:: Action item ::
Beginning with the line where "and share them." appears, restate each line word for word until the data ends. Pictures do not go in.

:: Data segment ::
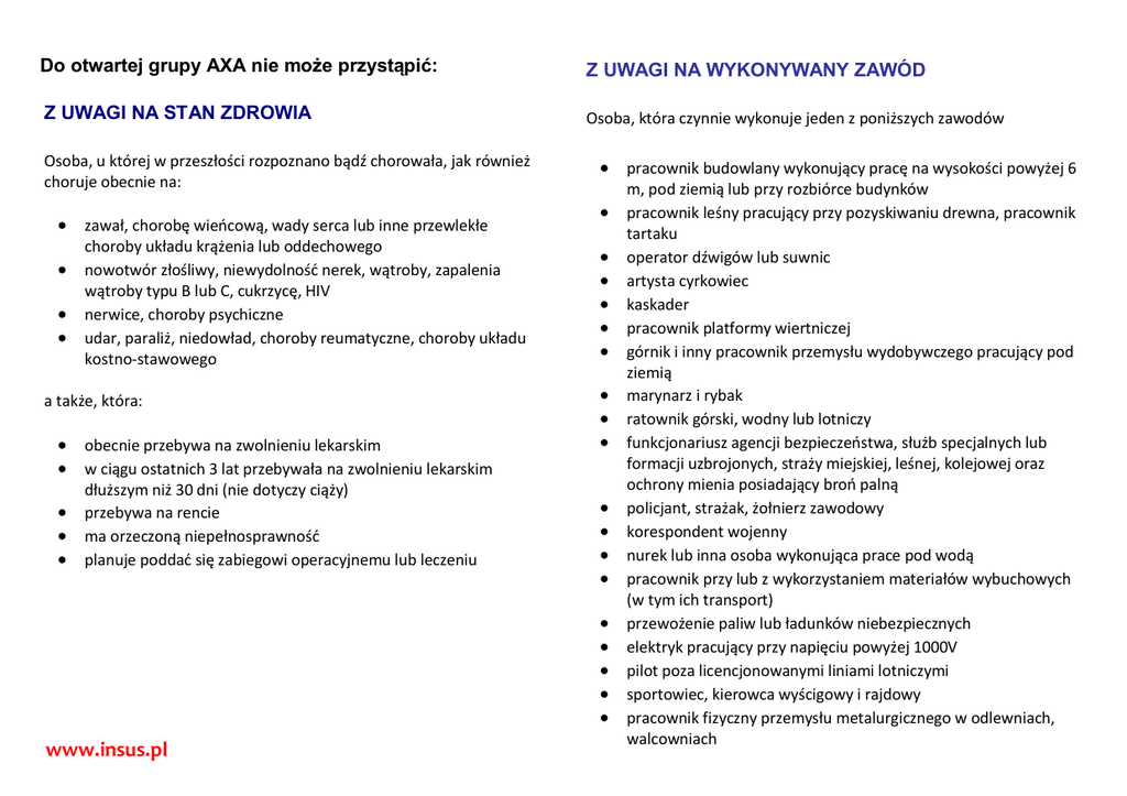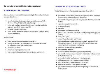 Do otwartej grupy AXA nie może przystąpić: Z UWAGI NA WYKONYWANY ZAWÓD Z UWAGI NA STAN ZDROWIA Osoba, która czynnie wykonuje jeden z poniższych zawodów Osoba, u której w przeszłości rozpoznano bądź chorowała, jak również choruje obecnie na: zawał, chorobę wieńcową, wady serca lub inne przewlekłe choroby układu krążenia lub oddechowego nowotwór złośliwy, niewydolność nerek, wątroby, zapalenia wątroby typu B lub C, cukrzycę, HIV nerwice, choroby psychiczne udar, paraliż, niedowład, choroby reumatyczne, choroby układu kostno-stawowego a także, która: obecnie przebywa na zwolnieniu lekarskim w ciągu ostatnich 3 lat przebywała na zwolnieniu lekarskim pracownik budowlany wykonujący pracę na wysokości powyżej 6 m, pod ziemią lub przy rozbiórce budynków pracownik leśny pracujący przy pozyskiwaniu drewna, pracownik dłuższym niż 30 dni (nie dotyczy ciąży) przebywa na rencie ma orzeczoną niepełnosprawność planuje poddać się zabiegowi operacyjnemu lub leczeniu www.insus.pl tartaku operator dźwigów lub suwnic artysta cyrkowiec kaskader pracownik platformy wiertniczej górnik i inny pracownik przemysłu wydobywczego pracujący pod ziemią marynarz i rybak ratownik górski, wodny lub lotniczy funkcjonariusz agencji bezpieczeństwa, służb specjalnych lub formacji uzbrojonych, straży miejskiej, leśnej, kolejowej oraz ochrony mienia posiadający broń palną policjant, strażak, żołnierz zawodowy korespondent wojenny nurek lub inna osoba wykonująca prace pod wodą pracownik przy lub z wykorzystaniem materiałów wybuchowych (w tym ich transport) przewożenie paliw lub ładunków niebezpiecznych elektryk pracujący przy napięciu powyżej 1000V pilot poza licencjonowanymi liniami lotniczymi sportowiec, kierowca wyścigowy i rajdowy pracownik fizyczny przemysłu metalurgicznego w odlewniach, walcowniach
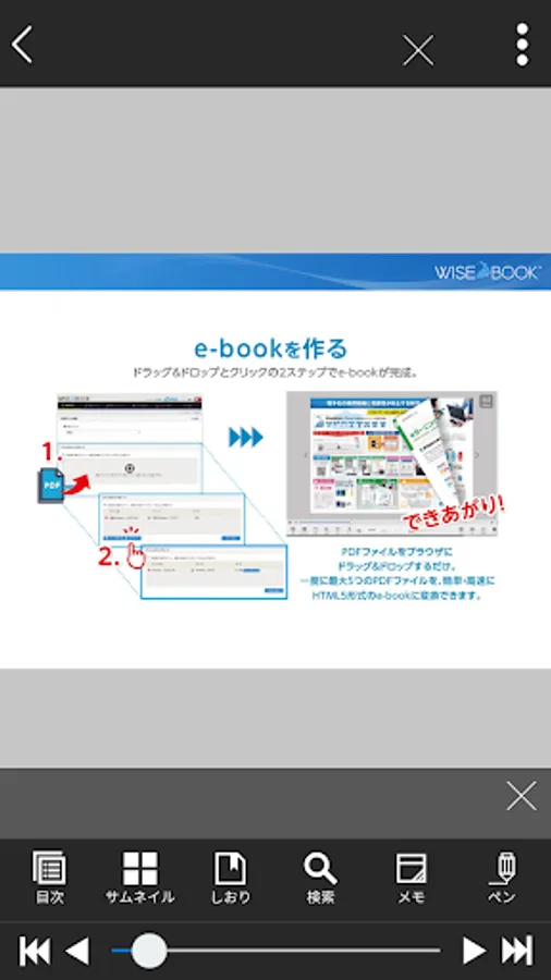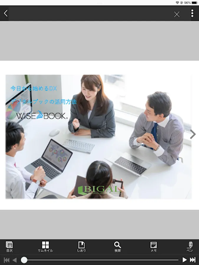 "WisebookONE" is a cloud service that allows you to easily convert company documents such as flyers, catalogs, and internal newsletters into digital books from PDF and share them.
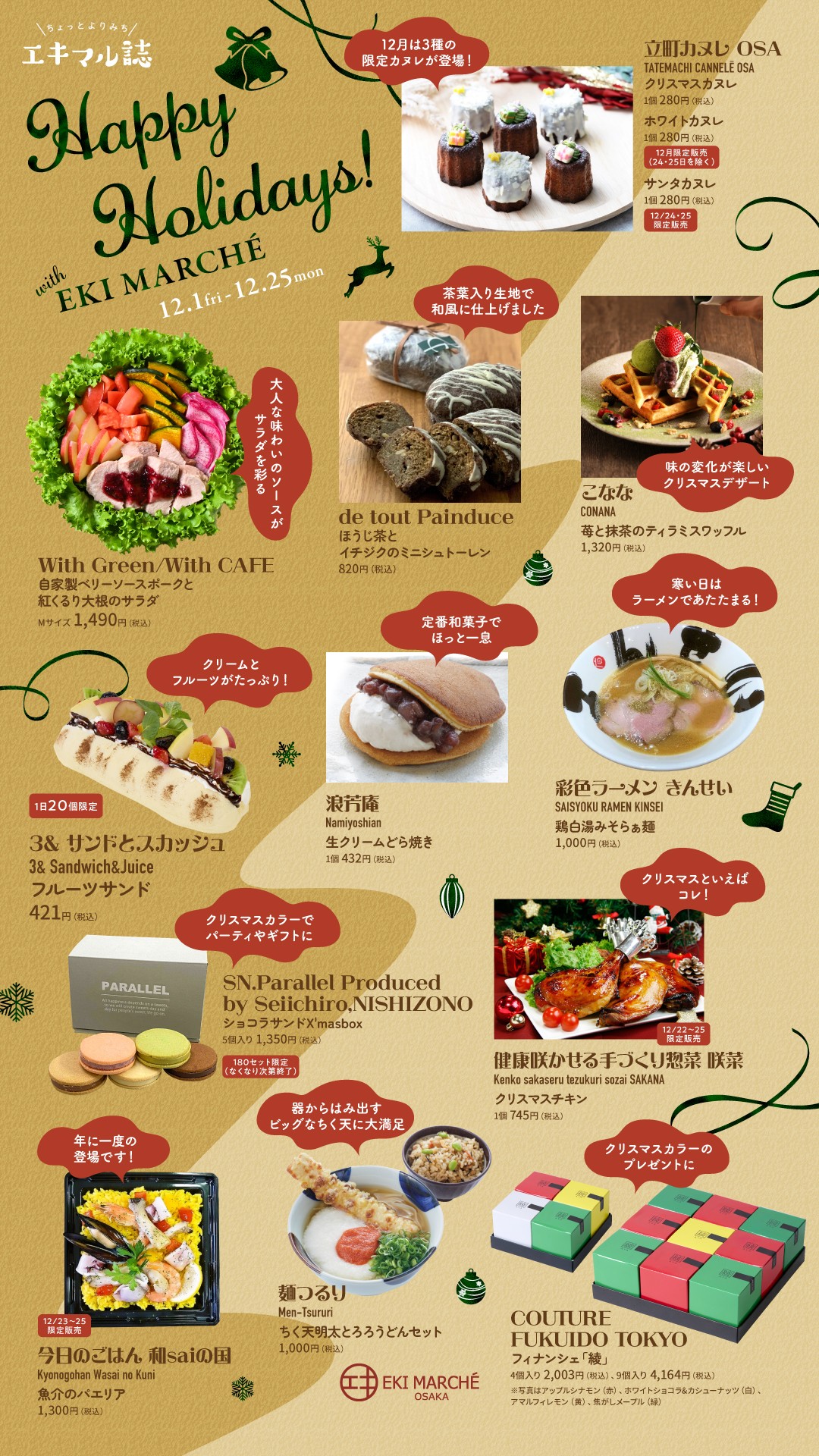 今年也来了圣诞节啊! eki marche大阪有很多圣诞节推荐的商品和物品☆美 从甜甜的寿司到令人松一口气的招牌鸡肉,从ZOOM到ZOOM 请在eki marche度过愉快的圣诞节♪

:: Task result ::
 "WisebookONE" is a cloud service that allows you to easily convert company documents such as flyers, catalogs, and internal newsletters into digital books from PDF and share them.
 今年也来了圣诞节啊! eki marche大阪有很多圣诞节推荐的商品和物品☆美 从甜甜的寿司到令人松一口气的招牌鸡肉,从ZOOM到ZOOM 请在eki marche度过愉快的圣诞节♪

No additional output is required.